2019-20 coronavirus outbreakSpeedupString collectionsBig BWTSettore INF/01 - InformaticaSevere acute respiratory syndrome coronavirus 2 (SARS-CoV-2)String (computer science)Suffix arrayOrder (ring theory)omega-orderQuantitative Biology::GenomicsBurrows-Wheeler-TransformBurrows-Wheeler-Transform String collections SAIS Big BWT prefix-free parsing extended BWTlaw.inventionCombinatoricsprefix-free parsingSimple (abstract algebra)lawSAISSAIS algorithmIndependence (probability theory)extended BWTMathematics
researchProduct

On the construction of classes of suffix trees for square matrices: Algorithms and applications

1995

Given an n × n TEXT matrix with entries defined over an ordered alphabet σ, we introduce 4n−1 classes of index data structures for TEXT. Those indices are informally the two-dimensional analog of the suffix tree of a string [15], allowing on-line searches and statistics to be performed on TEXT. We provide one simple algorithm that efficiently builds any chosen index in those classes in O(n2 log n) worst case time using O(n2) space. The algorithm can be modified to require optimal O(n2) expected time for bounded σ.

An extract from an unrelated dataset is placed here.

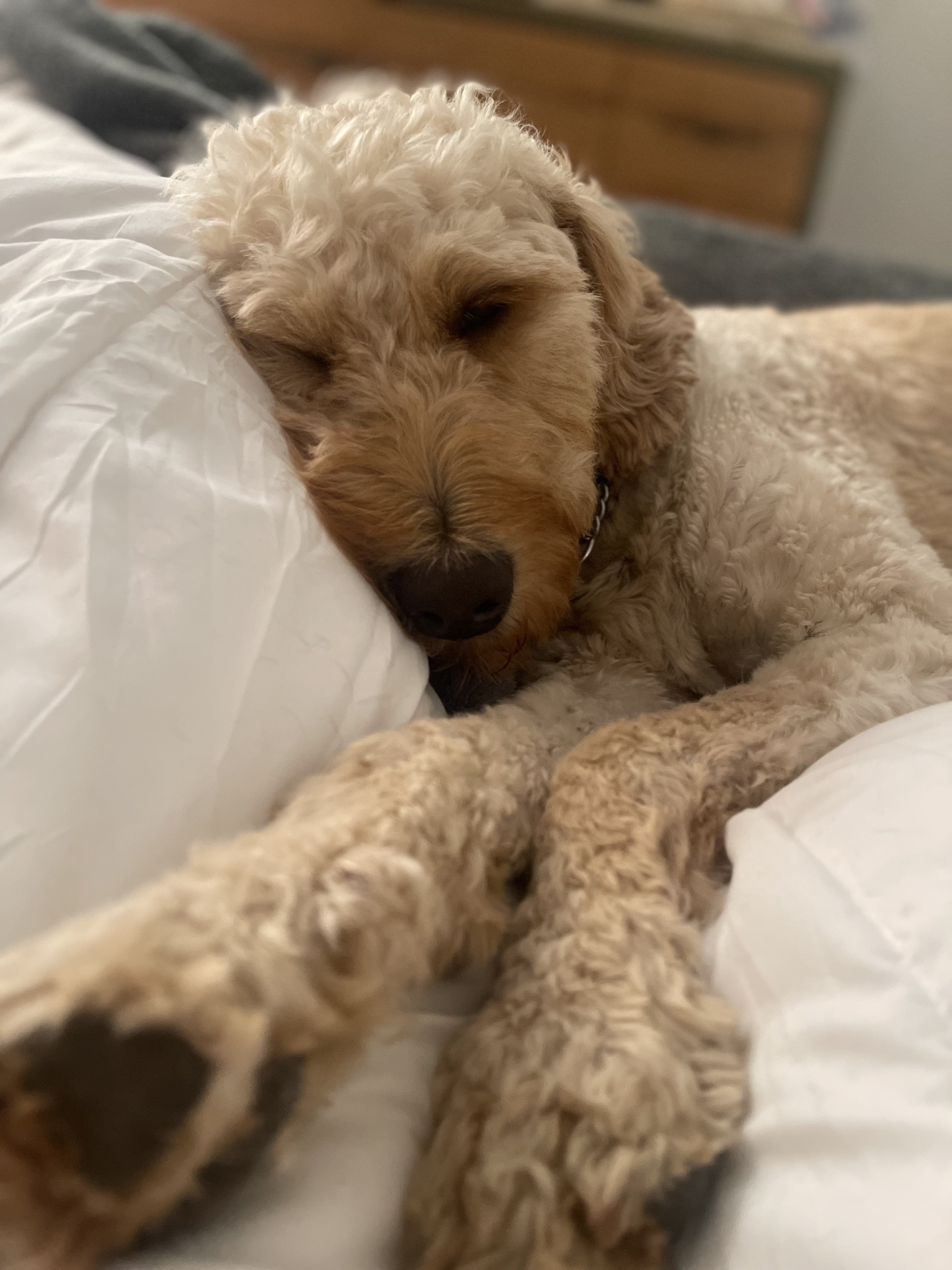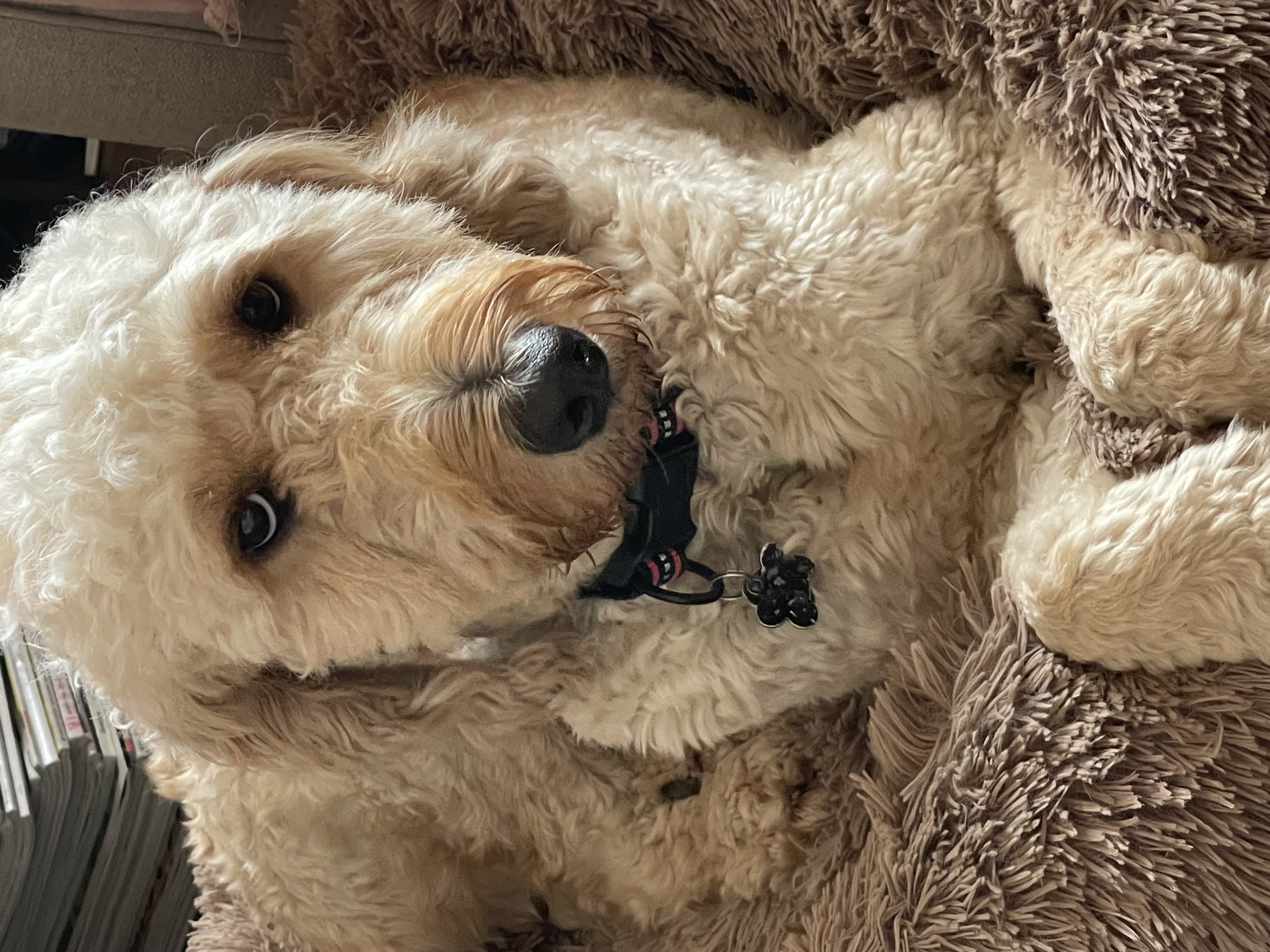My name is Paris. I’m the most beautiful Female Goldendoodle in all the land. Or that’s what I keep hearing from my foster momma. I’m between 1-2 years old. I weigh around 53 lbs. I have long model legs, and beautiful kind eyes and beautiful long eyelashes

CombinatoricsCompressed suffix arraylawSuffix treeString (computer science)Generalized suffix treeSuffix arraySuffixAlgorithmFM-indexlaw.inventionMathematicsLongest common substring problem
researchProduct

On-line construction of two-dimensional suffix trees

1997

We present a new technique, which we refer to as implicit updates, based on which we obtain: (a) an algorithm for the on-line construction of the Lsuffix tree of an n x n matrix A — this data structure, described in [13], is the two-dimensional analog of the suffix tree of a string; (b) simple algorithms implementing primitive operations for LZ1-type on-dine lossless image compression methods. Those methods, recently introduced by Storer [35], are generalizations of LZl-type compression methods for strings (see also [24, 31]). For the problem in (a), we get nearly an order of magnitude improvement over algorithms that can be derived from known techniques [13]. For the problem in (b), we do …

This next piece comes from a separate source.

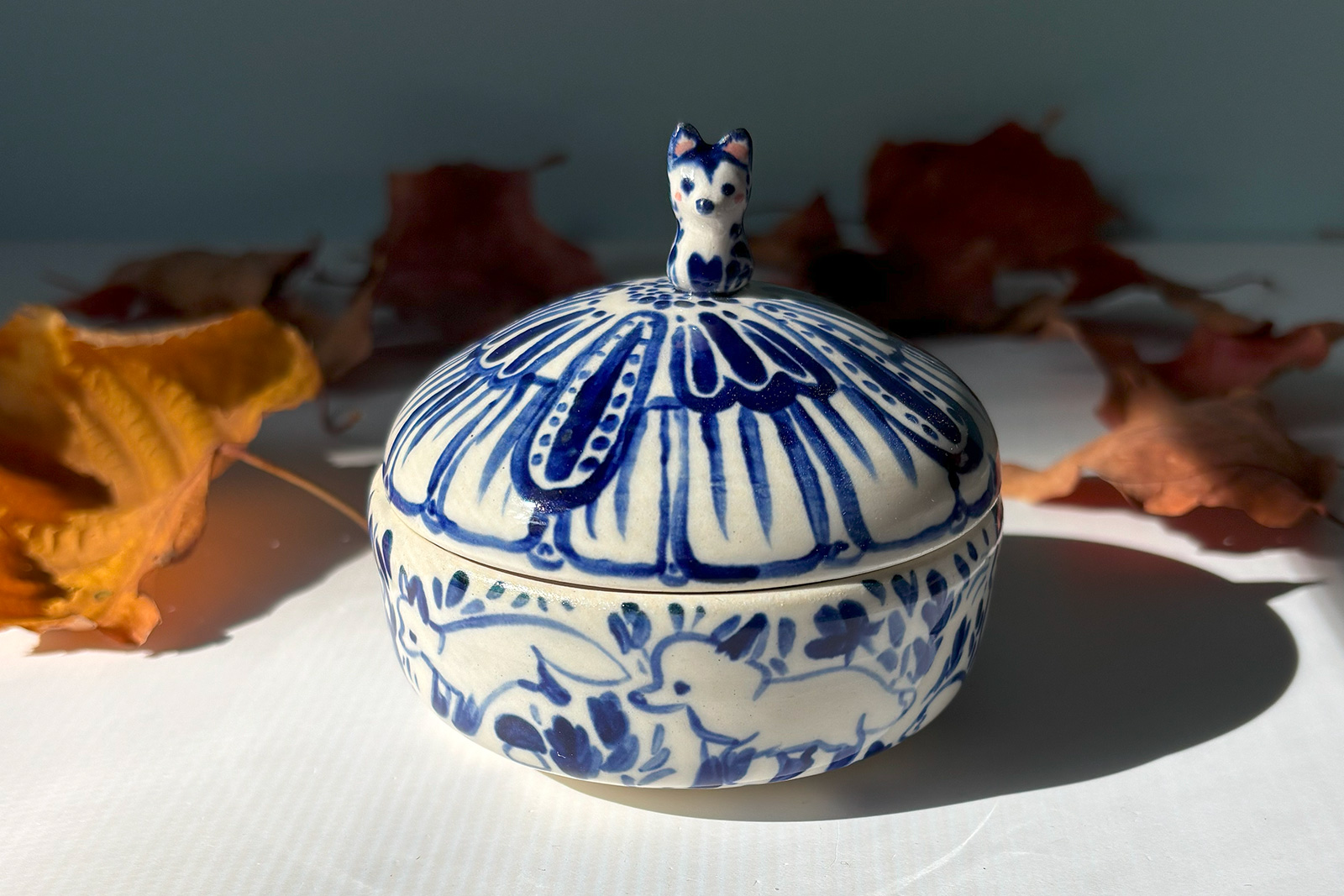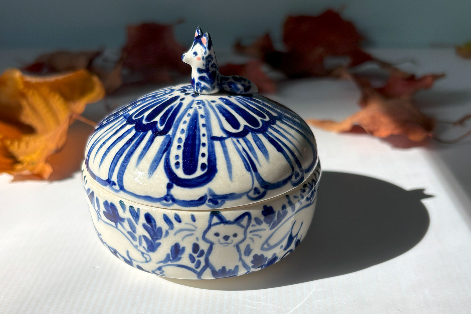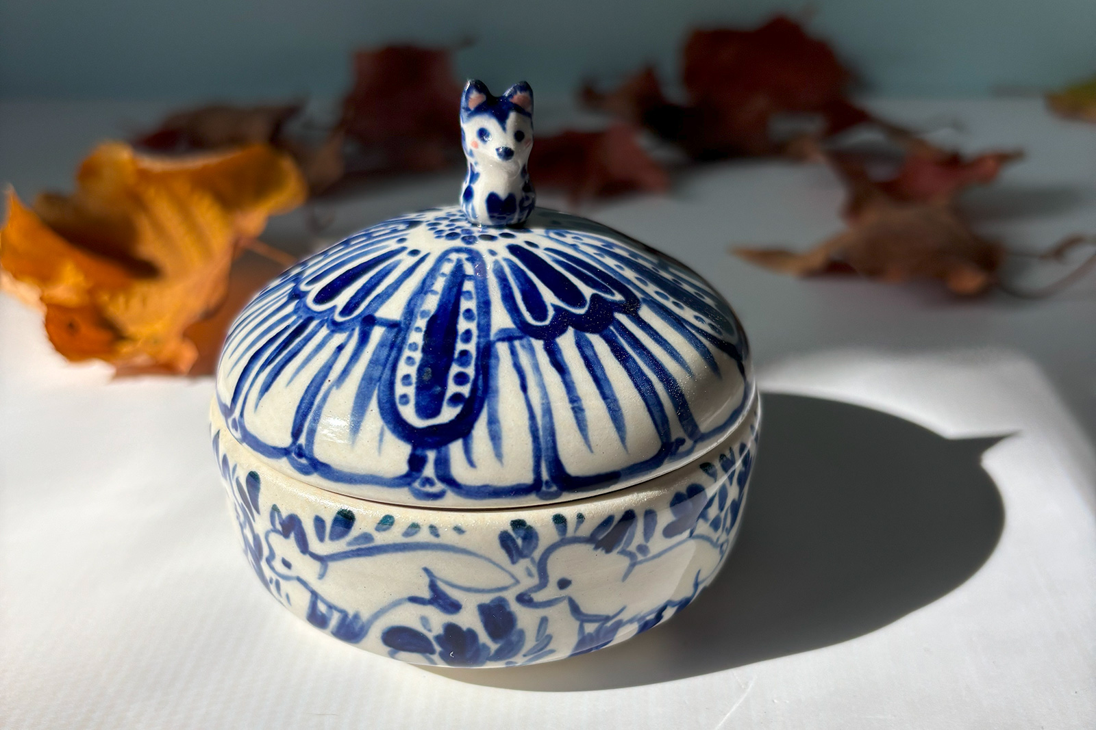 Tiny Jewelry Box with a sculpted lid. This is porcelain, it’s 6 cm wide and 6 cm tall approximately. This is perfect for necklaces and small earrings, or any tiny treasure of yours. The inside is glazed.

CombinatoricsSuccinct data structureCompressed suffix arrayTree (data structure)Computer sciencelawSuffix treeString (computer science)Generalized suffix treeSuffixData compressionlaw.invention
researchProduct

Linear-size suffix tries

2016

Suffix trees are highly regarded data structures for text indexing and string algorithms [MCreight 76, Weiner 73]. For any given string w of length n = | w | , a suffix tree for w takes O ( n ) nodes and links. It is often presented as a compacted version of a suffix trie for w, where the latter is the trie (or digital search tree) built on the suffixes of w. Here the compaction process replaces each maximal chain of unary nodes with a single arc. For this, the suffix tree requires that the labels of its arcs are substrings encoded as pointers to w (or equivalent information). On the contrary, the arcs of the suffix trie are labeled by single symbols but there can be Θ ( n 2 ) nodes and lin…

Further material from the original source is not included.